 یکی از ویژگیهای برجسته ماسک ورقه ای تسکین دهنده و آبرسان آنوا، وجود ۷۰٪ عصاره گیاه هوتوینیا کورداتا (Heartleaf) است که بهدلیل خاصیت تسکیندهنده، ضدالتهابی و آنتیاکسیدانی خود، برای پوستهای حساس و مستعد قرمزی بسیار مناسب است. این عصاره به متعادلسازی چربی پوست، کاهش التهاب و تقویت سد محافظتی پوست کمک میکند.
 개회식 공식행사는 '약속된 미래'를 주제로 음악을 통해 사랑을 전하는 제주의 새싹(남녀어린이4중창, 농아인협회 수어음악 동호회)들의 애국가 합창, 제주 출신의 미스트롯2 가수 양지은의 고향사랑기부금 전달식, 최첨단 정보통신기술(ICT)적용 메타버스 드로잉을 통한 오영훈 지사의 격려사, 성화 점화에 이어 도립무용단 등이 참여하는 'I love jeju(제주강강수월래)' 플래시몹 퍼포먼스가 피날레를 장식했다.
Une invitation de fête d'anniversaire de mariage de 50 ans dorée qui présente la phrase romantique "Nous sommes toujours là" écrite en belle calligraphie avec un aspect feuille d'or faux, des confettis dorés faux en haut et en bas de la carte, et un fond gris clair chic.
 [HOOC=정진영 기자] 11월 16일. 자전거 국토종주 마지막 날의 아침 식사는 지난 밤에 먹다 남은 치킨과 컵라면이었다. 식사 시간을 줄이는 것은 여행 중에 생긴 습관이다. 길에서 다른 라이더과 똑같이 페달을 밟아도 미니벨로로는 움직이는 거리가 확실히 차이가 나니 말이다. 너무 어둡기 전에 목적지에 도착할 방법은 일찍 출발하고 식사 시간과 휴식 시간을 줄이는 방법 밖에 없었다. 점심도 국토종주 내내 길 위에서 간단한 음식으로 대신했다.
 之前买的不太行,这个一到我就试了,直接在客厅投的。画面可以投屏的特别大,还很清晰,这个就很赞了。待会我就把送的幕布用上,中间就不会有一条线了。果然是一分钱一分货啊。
==
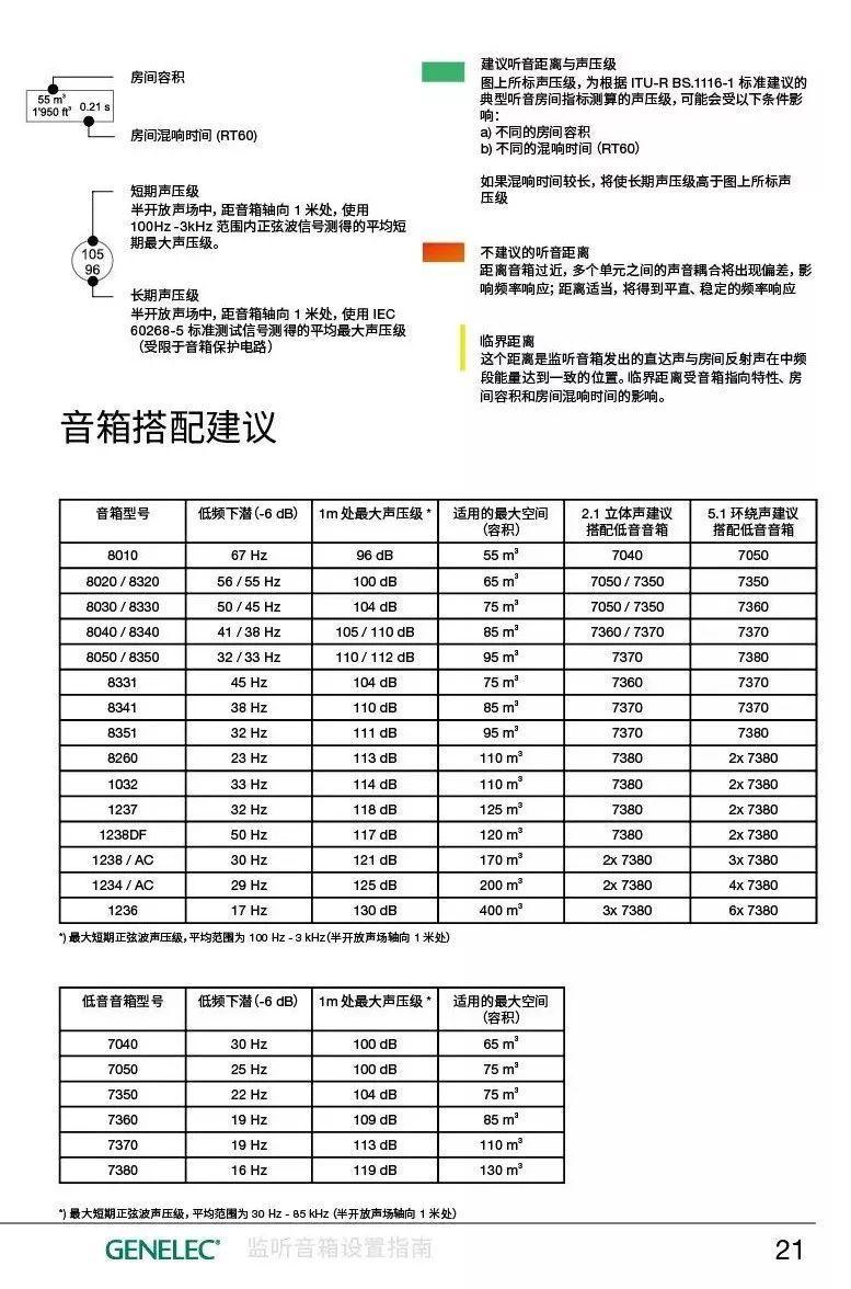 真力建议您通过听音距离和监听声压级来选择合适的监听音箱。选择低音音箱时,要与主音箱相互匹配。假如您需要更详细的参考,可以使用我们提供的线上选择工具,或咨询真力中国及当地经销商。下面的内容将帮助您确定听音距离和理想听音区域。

WHAT TO DO: Repeat the entries above verbatim, but only from the line that has "Une invitation de" down to the line that has "[HOOC=정진영 기자] 11월", inclusive.

OUTPUT FOR THIS EXERCISE:
Une invitation de fête d'anniversaire de mariage de 50 ans dorée qui présente la phrase romantique "Nous sommes toujours là" écrite en belle calligraphie avec un aspect feuille d'or faux, des confettis dorés faux en haut et en bas de la carte, et un fond gris clair chic.
 [HOOC=정진영 기자] 11월 16일. 자전거 국토종주 마지막 날의 아침 식사는 지난 밤에 먹다 남은 치킨과 컵라면이었다. 식사 시간을 줄이는 것은 여행 중에 생긴 습관이다. 길에서 다른 라이더과 똑같이 페달을 밟아도 미니벨로로는 움직이는 거리가 확실히 차이가 나니 말이다. 너무 어둡기 전에 목적지에 도착할 방법은 일찍 출발하고 식사 시간과 휴식 시간을 줄이는 방법 밖에 없었다. 점심도 국토종주 내내 길 위에서 간단한 음식으로 대신했다.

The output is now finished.